Records for processing START

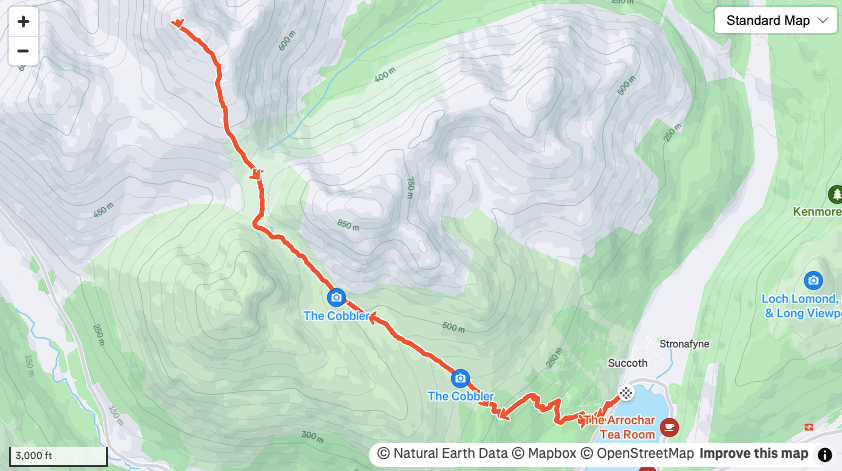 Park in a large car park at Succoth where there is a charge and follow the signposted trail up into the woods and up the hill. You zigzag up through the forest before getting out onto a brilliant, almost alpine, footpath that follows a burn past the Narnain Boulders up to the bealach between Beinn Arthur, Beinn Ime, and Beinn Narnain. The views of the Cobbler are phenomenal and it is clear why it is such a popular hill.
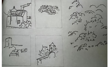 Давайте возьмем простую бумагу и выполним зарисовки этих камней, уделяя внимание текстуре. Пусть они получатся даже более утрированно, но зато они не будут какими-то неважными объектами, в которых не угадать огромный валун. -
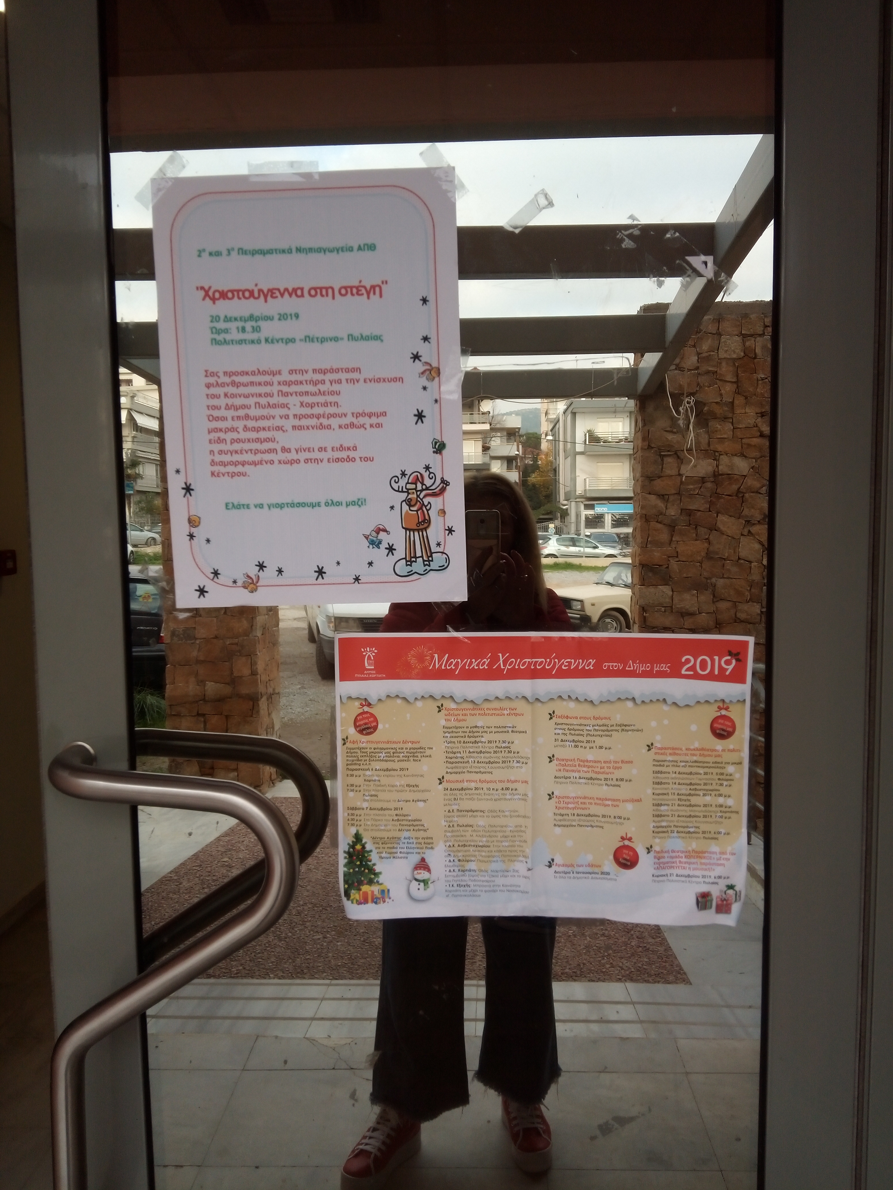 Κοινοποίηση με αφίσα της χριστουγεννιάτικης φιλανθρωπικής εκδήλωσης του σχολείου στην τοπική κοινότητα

Records for processing END
Records for processing START

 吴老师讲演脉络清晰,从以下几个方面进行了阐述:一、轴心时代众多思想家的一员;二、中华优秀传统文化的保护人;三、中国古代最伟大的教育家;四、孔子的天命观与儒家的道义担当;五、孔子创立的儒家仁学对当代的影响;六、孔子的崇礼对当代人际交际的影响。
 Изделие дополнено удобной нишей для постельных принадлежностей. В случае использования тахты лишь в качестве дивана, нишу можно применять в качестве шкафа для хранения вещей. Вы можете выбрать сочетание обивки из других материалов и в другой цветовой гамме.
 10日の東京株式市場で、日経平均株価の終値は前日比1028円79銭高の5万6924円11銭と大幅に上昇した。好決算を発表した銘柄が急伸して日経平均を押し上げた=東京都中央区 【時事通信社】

Records for processing END
Records for processing START

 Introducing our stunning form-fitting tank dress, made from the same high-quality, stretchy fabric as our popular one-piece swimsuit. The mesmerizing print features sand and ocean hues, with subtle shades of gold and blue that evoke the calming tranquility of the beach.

Records for processing END

_Instructions for the task_: From the entries above, write out only the lines starting at the line that holds "吴老师讲演脉络清晰,从以下几" and ending at the line that holds "10日の東京株式市場で、日経", keeping both and matching them exactly.

_Your solution_:
 吴老师讲演脉络清晰,从以下几个方面进行了阐述:一、轴心时代众多思想家的一员;二、中华优秀传统文化的保护人;三、中国古代最伟大的教育家;四、孔子的天命观与儒家的道义担当;五、孔子创立的儒家仁学对当代的影响;六、孔子的崇礼对当代人际交际的影响。
 Изделие дополнено удобной нишей для постельных принадлежностей. В случае использования тахты лишь в качестве дивана, нишу можно применять в качестве шкафа для хранения вещей. Вы можете выбрать сочетание обивки из других материалов и в другой цветовой гамме.
 10日の東京株式市場で、日経平均株価の終値は前日比1028円79銭高の5万6924円11銭と大幅に上昇した。好決算を発表した銘柄が急伸して日経平均を押し上げた=東京都中央区 【時事通信社】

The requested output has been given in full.